* What to work on: Copy out the entries exactly, and wherever a picture appears, leave it out.

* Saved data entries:
========================================
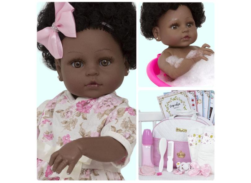 Boneca Reborn Negra Recém Nascida Enxoval Completo 20 Itens
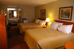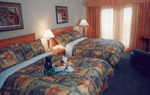 queen beds in most rooms, 27" TVs, cable, local calls,
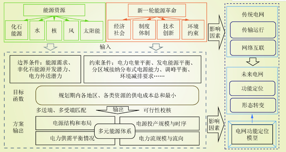 (2)未來電網(wǎng)形態(tài)的演變,受到能源電力系統(tǒng)內(nèi)部和外部經(jīng)濟(jì)、體制、環(huán)境等因素共同影響。未來中國(guó)電網(wǎng)功能將顯著提升,既要滿足能源電力大規(guī)模遠(yuǎn)距離輸送的需要,又要滿足受端地區(qū)多種能源電力協(xié)同運(yùn)行的需要,還要滿足新能源發(fā)展和新型用電服務(wù)的需要。
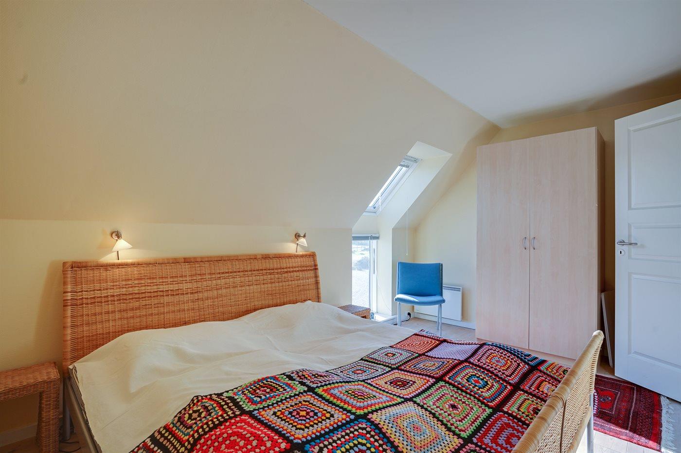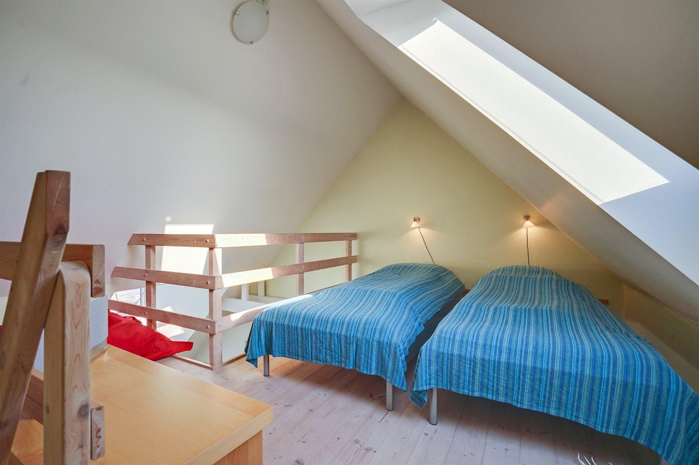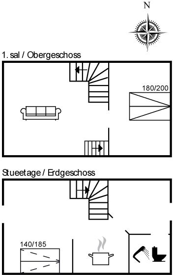 Es gibt einen Schlafraum. 2 Schlafplätze in einem Doppelbett. 2 Schlafplätze in Einzelbetten. 2 Schlafplätze auf einer Doppelschlafcouch. 2 von diesen Schlafplätzen befinden sich im Wohnzimmer und 2 befinden sich im offenen Obergeschoss. Ferner steht ein Kinderbett zur Verfügung.
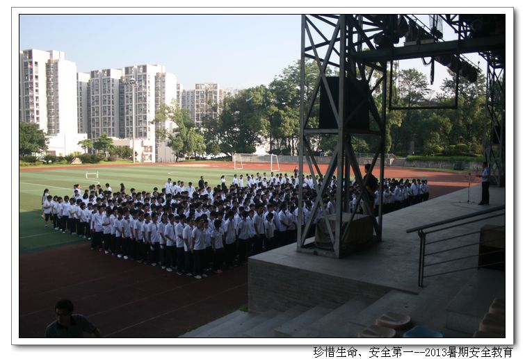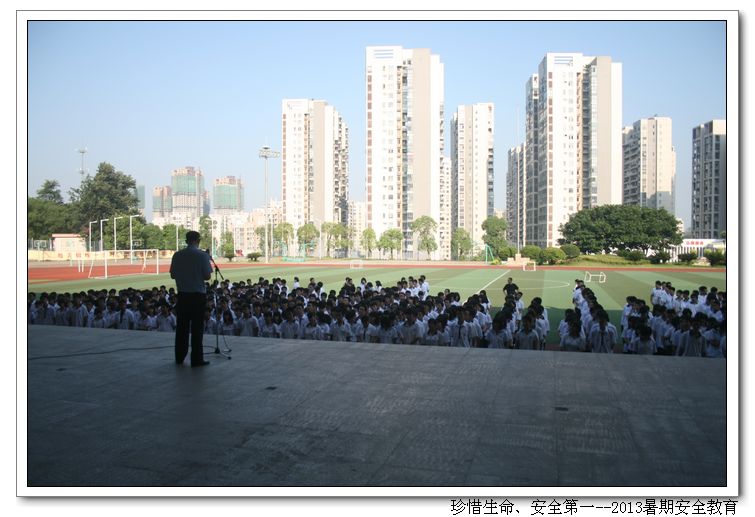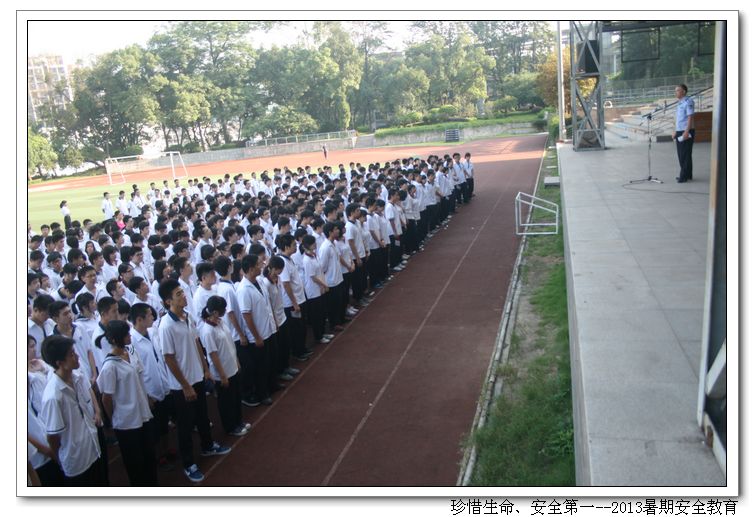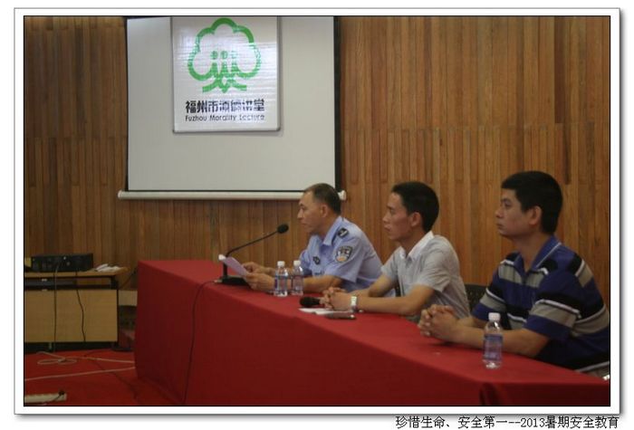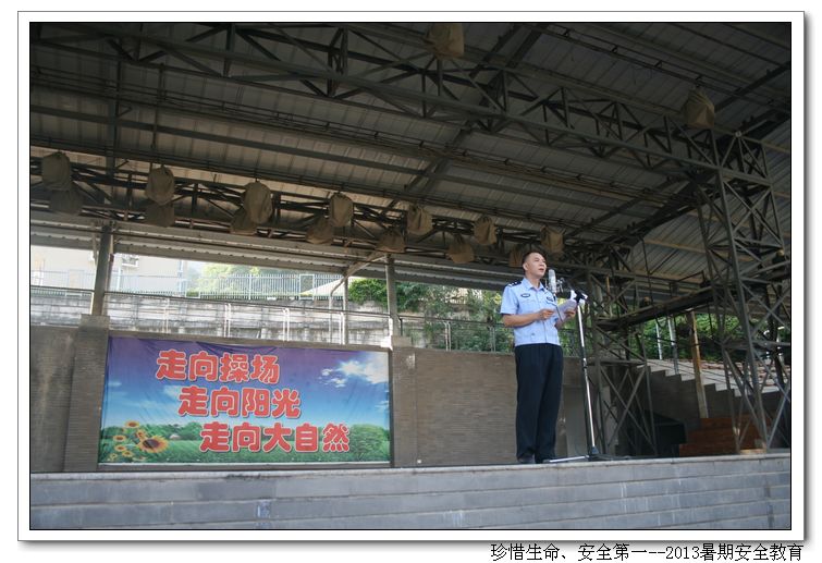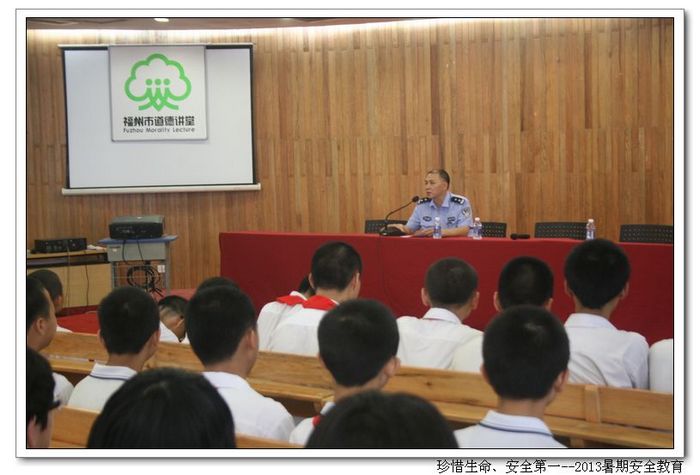 校法制辅导员、洪山派出所胡丛荣警官分别在2013年6月27日和7月4日为我校初一、初二、高一、高二学生做“珍爱生命、安全第一”为主题的法制安全讲座。
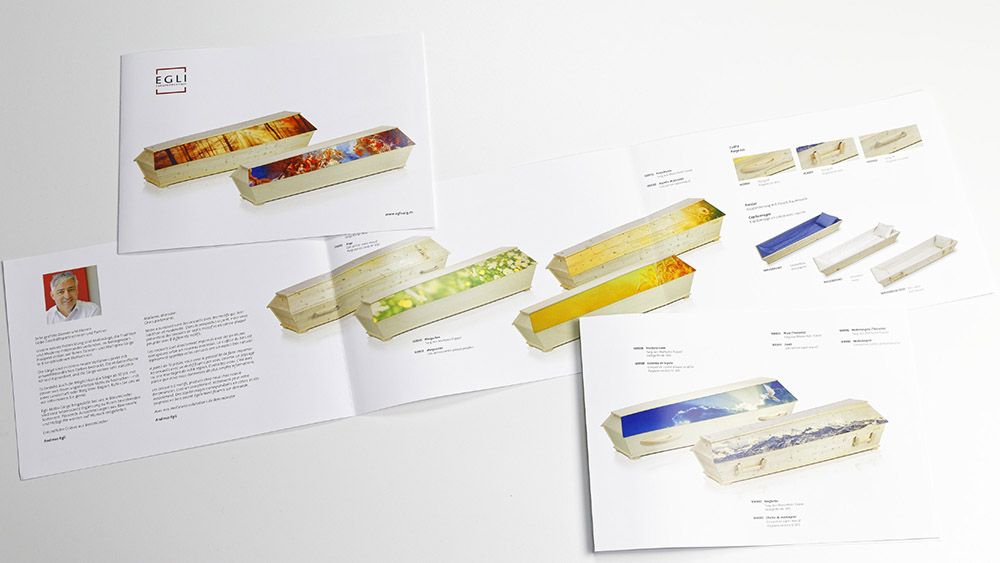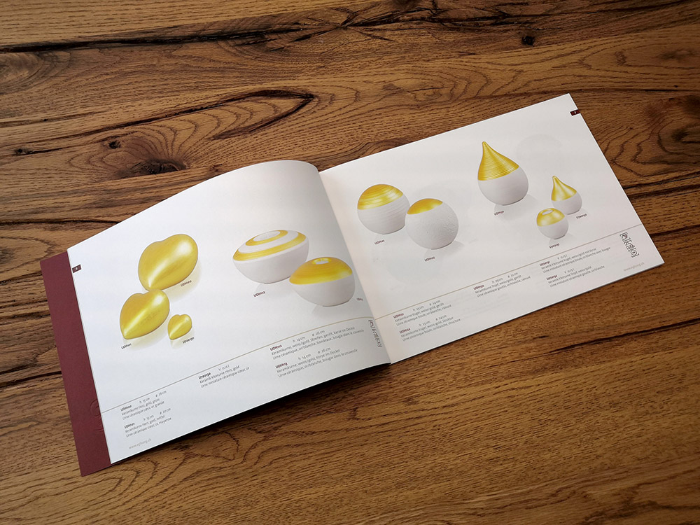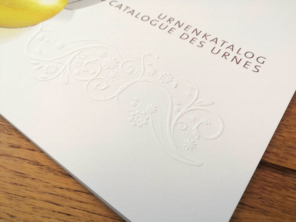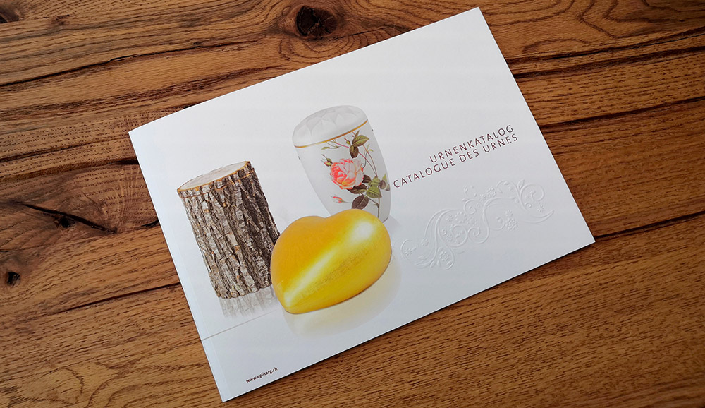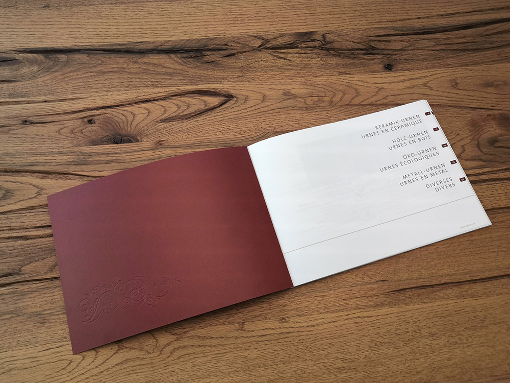 Eine Urne für die letzte Ruhe auszuwählen ist ein emotionaler Prozess. Der Katalog ist mit einem Papier produziert, das eine angnehme Haptik aufweist – die Druckart ist so gewählt, dass kein Farbauftrag das Papier überdeckt. Die sanften Farben und die Plindprägung auf der Titelseite vermitteln Geborgenheit und Seriosität.
========================================
* Reply:
 Boneca Reborn Negra Recém Nascida Enxoval Completo 20 Itens
 queen beds in most rooms, 27" TVs, cable, local calls,
 (2)未來電網(wǎng)形態(tài)的演變,受到能源電力系統(tǒng)內(nèi)部和外部經(jīng)濟(jì)、體制、環(huán)境等因素共同影響。未來中國(guó)電網(wǎng)功能將顯著提升,既要滿足能源電力大規(guī)模遠(yuǎn)距離輸送的需要,又要滿足受端地區(qū)多種能源電力協(xié)同運(yùn)行的需要,還要滿足新能源發(fā)展和新型用電服務(wù)的需要。
 Es gibt einen Schlafraum. 2 Schlafplätze in einem Doppelbett. 2 Schlafplätze in Einzelbetten. 2 Schlafplätze auf einer Doppelschlafcouch. 2 von diesen Schlafplätzen befinden sich im Wohnzimmer und 2 befinden sich im offenen Obergeschoss. Ferner steht ein Kinderbett zur Verfügung.
 校法制辅导员、洪山派出所胡丛荣警官分别在2013年6月27日和7月4日为我校初一、初二、高一、高二学生做“珍爱生命、安全第一”为主题的法制安全讲座。
 Eine Urne für die letzte Ruhe auszuwählen ist ein emotionaler Prozess. Der Katalog ist mit einem Papier produziert, das eine angnehme Haptik aufweist – die Druckart ist so gewählt, dass kein Farbauftrag das Papier überdeckt. Die sanften Farben und die Plindprägung auf der Titelseite vermitteln Geborgenheit und Seriosität.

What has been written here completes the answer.